** Exercise aim **
Write each line of the material exactly as given, from the top through the line that contains "Praktischer Öl-Trichter von", and omit all pictures.

** Supplied data **

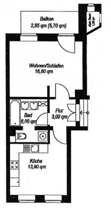 1 Raum Wohnung zum Kauf als Kapitalanlage: vermietet, Erdgeschoss/Hochparterre, Balkon, Badezimmer mit Badewanne, Parkettboden, Keller.
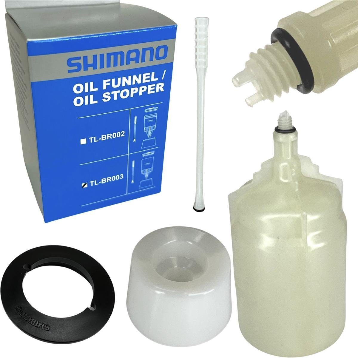 Praktischer Öl-Trichter von SHIMANO für ST Schalt-/Bremshebel mit M7 Gewinde. Beim Befüllen und Entlüften von Road-Scheibenbremssystemen dient der schraubbare Aufsatz als Füll- und Ausgleichsbehälter für das eingefüllte Mineralöl. Der Öl-Stopper kann bei Öffnung in den Trichterring eingehängt werden und verschießt mit seiner Dichtung die Füllöffnung nach Gebrauch - für sauberes Arbeiten. Nach dem Einsatz findet der Trichter auf dem Standsockel einen kippsicheren Abstellplatz.
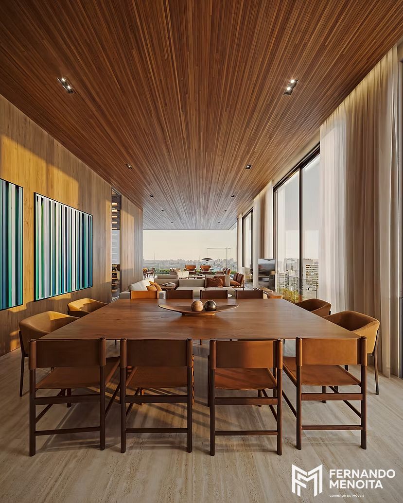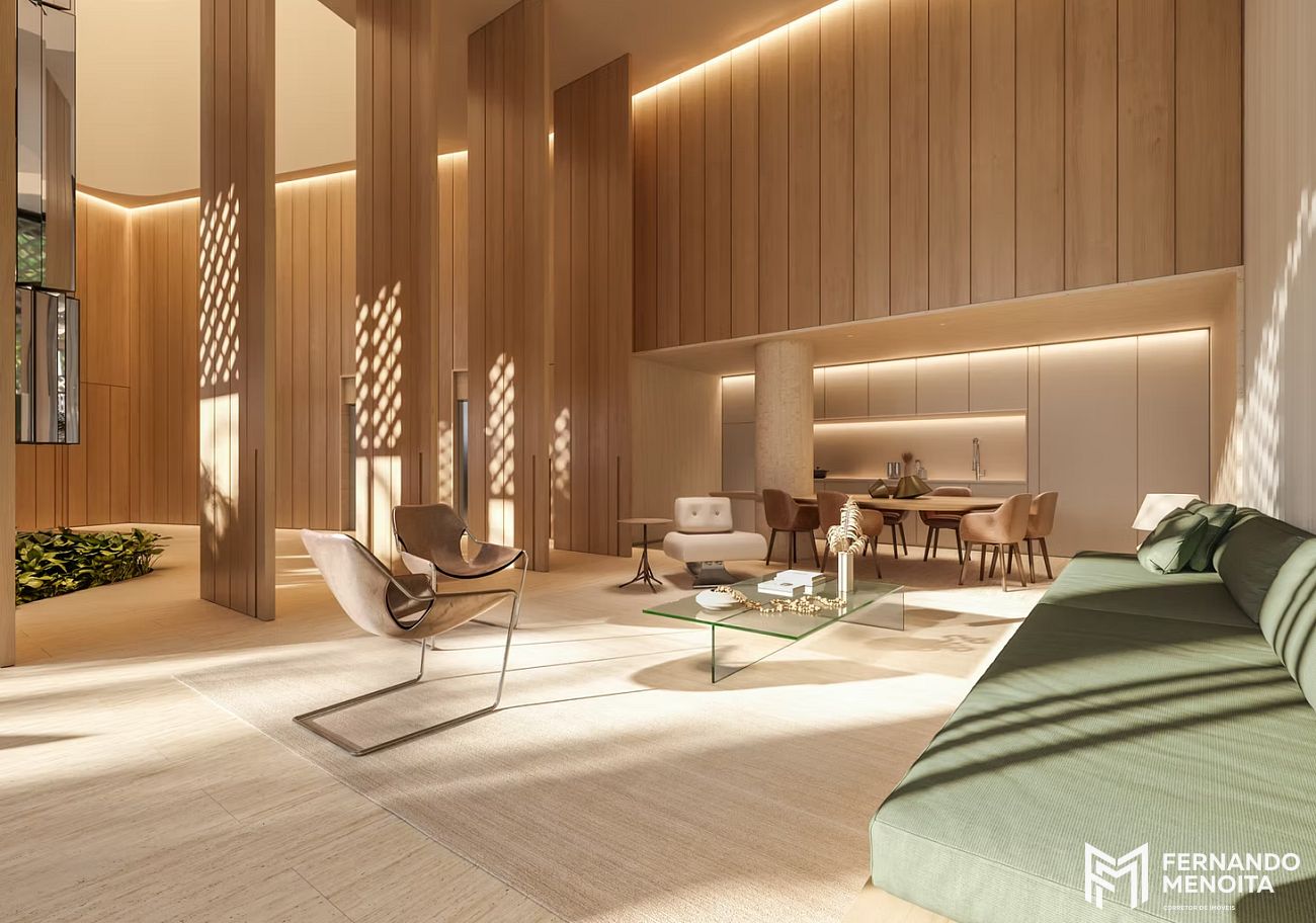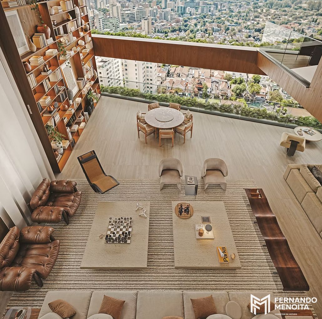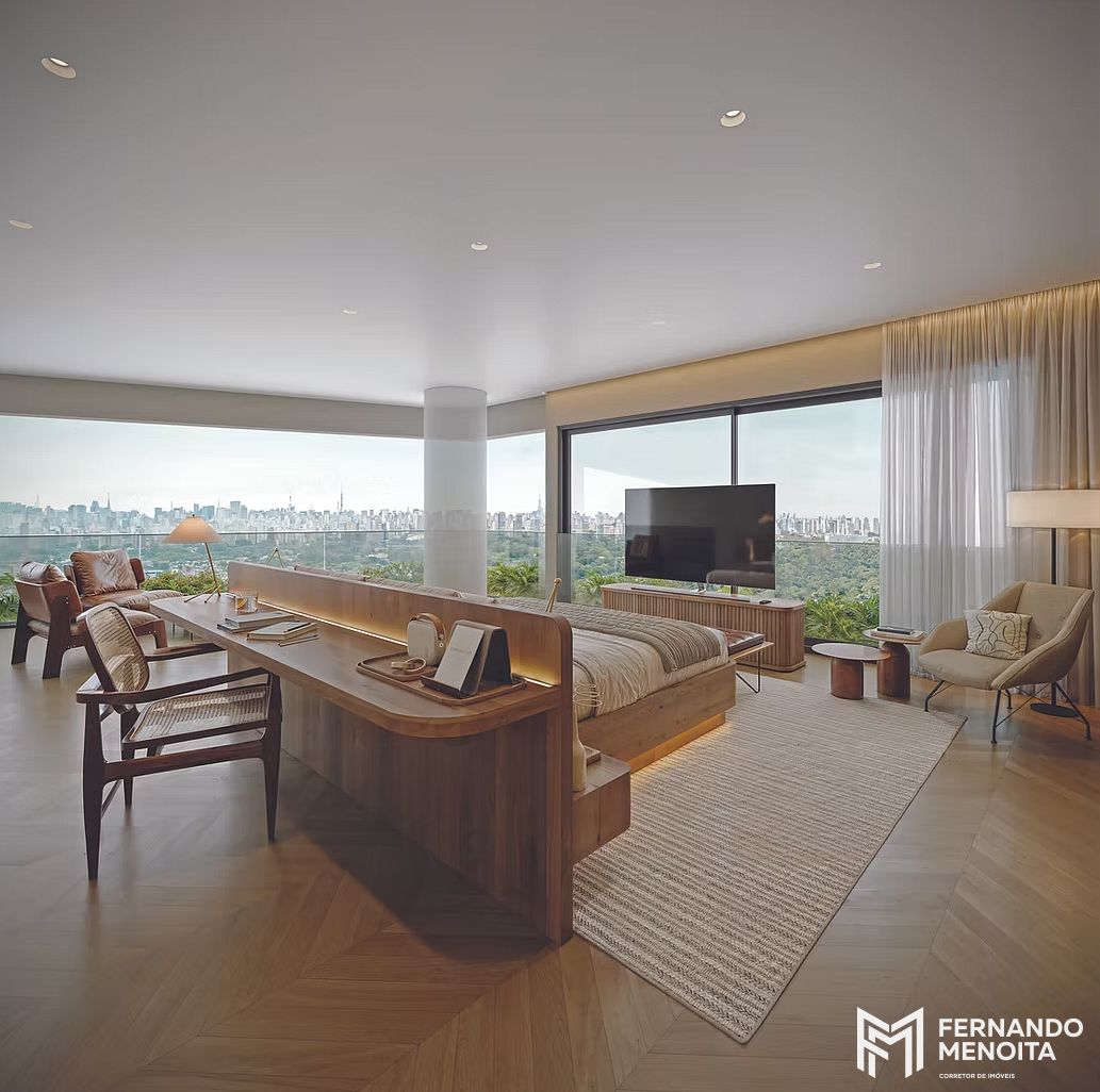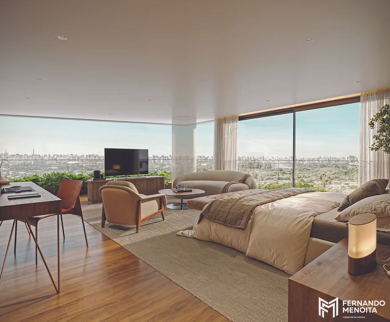 Um dos grandes diferenciais do empreendimento é a vista panorâmica de 180° para o Parque Ibirapuera, proporcionando uma experiência visual única, onde o verde se integra diretamente aos ambientes internos, elevando a qualidade de vida e a percepção de exclusividade.

** Your solution **
 1 Raum Wohnung zum Kauf als Kapitalanlage: vermietet, Erdgeschoss/Hochparterre, Balkon, Badezimmer mit Badewanne, Parkettboden, Keller.
 Praktischer Öl-Trichter von SHIMANO für ST Schalt-/Bremshebel mit M7 Gewinde. Beim Befüllen und Entlüften von Road-Scheibenbremssystemen dient der schraubbare Aufsatz als Füll- und Ausgleichsbehälter für das eingefüllte Mineralöl. Der Öl-Stopper kann bei Öffnung in den Trichterring eingehängt werden und verschießt mit seiner Dichtung die Füllöffnung nach Gebrauch - für sauberes Arbeiten. Nach dem Einsatz findet der Trichter auf dem Standsockel einen kippsicheren Abstellplatz.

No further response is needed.